**Dataset excerpts**

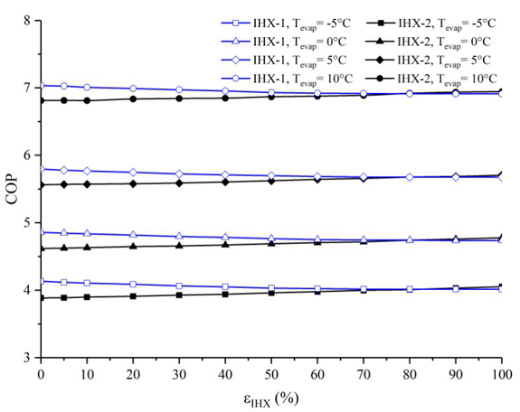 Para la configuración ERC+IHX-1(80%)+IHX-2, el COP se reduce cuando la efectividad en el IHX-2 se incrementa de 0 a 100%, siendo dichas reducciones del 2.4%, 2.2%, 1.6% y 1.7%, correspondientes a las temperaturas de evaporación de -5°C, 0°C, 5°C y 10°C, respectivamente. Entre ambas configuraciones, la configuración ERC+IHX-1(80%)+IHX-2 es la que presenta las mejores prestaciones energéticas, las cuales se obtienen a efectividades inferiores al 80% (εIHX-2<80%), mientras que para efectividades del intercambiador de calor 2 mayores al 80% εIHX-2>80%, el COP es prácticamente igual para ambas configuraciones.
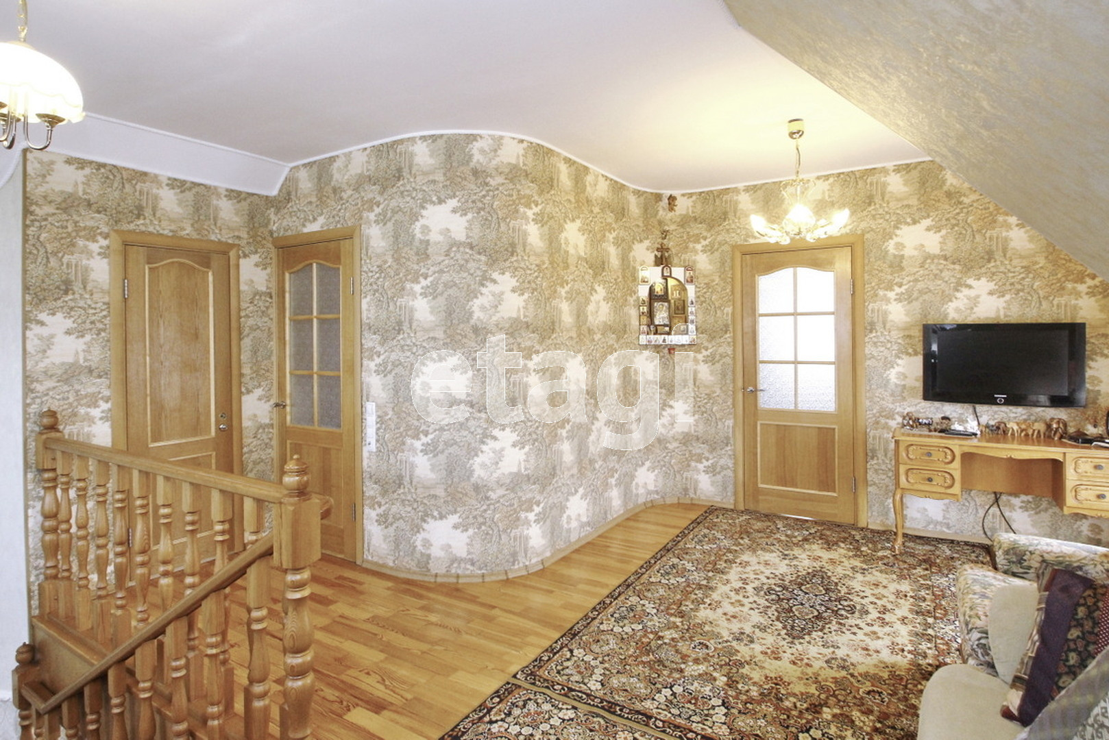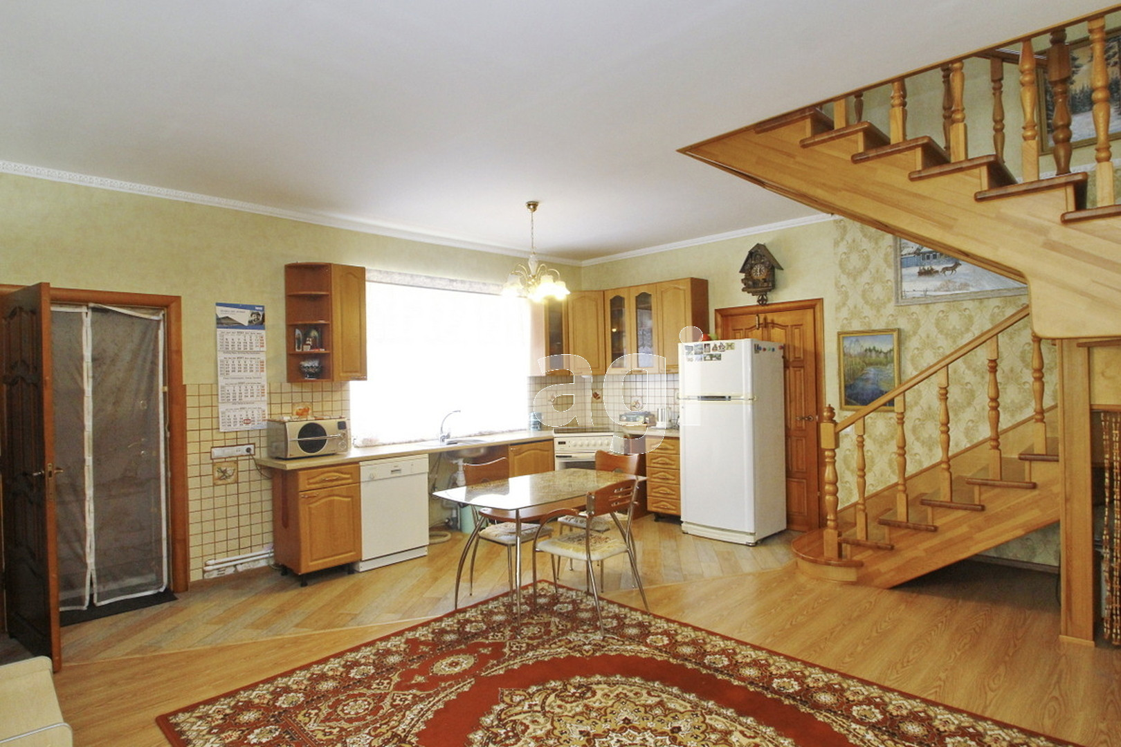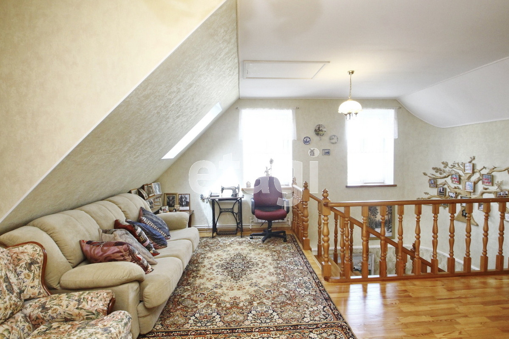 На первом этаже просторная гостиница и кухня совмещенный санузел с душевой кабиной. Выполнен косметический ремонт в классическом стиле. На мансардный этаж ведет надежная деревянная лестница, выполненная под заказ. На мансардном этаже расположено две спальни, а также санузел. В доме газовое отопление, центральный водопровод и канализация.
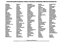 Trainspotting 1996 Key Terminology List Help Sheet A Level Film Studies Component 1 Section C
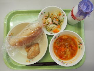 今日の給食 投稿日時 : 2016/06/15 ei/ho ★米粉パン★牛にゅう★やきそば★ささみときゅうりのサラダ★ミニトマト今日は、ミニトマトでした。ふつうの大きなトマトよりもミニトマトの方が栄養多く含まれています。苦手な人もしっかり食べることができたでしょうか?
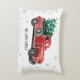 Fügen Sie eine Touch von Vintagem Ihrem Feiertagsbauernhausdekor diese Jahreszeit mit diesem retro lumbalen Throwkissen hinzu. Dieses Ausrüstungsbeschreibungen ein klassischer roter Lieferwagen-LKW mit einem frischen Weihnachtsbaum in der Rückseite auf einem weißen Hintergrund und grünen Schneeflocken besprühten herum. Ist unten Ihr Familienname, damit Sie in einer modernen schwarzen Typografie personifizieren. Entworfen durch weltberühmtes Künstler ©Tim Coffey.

* * *

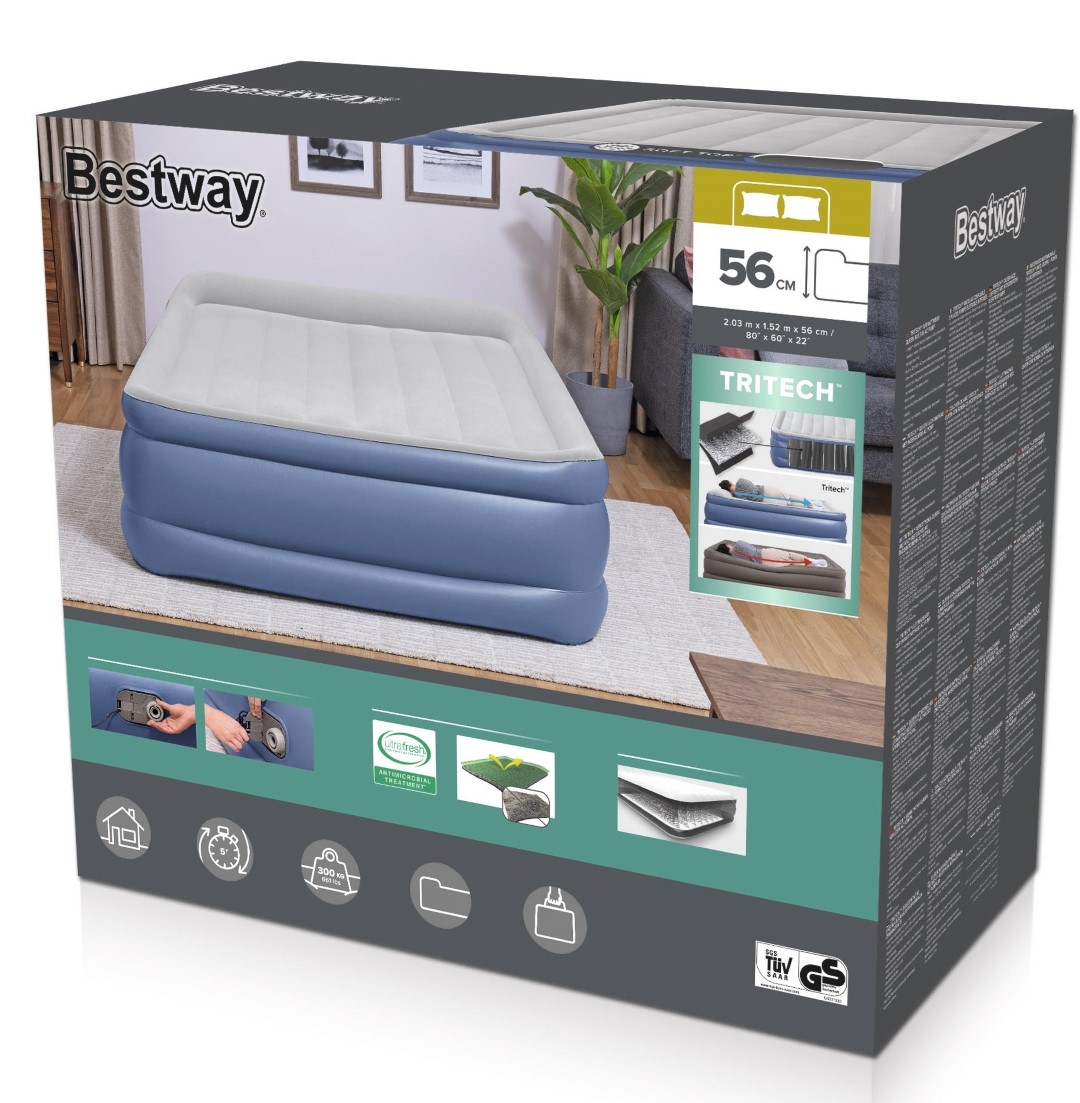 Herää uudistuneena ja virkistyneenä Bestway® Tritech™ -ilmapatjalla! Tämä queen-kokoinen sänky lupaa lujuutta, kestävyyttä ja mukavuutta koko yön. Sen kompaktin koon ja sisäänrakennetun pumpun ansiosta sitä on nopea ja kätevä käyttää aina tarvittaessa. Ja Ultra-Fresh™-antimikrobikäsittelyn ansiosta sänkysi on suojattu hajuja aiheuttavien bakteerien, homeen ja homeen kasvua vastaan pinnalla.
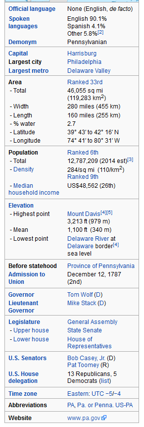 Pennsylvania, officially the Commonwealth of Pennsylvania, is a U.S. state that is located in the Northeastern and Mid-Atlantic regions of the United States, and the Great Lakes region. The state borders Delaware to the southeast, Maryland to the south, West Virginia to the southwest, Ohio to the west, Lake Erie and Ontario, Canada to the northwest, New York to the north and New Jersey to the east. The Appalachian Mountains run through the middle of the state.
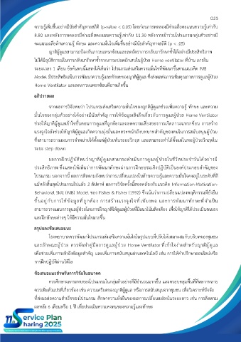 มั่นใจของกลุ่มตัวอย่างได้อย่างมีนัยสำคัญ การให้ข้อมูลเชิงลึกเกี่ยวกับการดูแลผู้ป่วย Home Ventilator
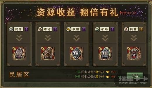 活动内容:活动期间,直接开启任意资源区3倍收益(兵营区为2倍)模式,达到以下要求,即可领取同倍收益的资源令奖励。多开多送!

**Exercise details**
In the entries above, find the line that contains "Pennsylvania, officially the" and the line that contains "活动内容:活动期间,直接开启". Reproduce exactly those two lines and every line between them, but not the pictures.

**Task response**
 Pennsylvania, officially the Commonwealth of Pennsylvania, is a U.S. state that is located in the Northeastern and Mid-Atlantic regions of the United States, and the Great Lakes region. The state borders Delaware to the southeast, Maryland to the south, West Virginia to the southwest, Ohio to the west, Lake Erie and Ontario, Canada to the northwest, New York to the north and New Jersey to the east. The Appalachian Mountains run through the middle of the state.
 มั่นใจของกลุ่มตัวอย่างได้อย่างมีนัยสำคัญ การให้ข้อมูลเชิงลึกเกี่ยวกับการดูแลผู้ป่วย Home Ventilator
 活动内容:活动期间,直接开启任意资源区3倍收益(兵营区为2倍)模式,达到以下要求,即可领取同倍收益的资源令奖励。多开多送!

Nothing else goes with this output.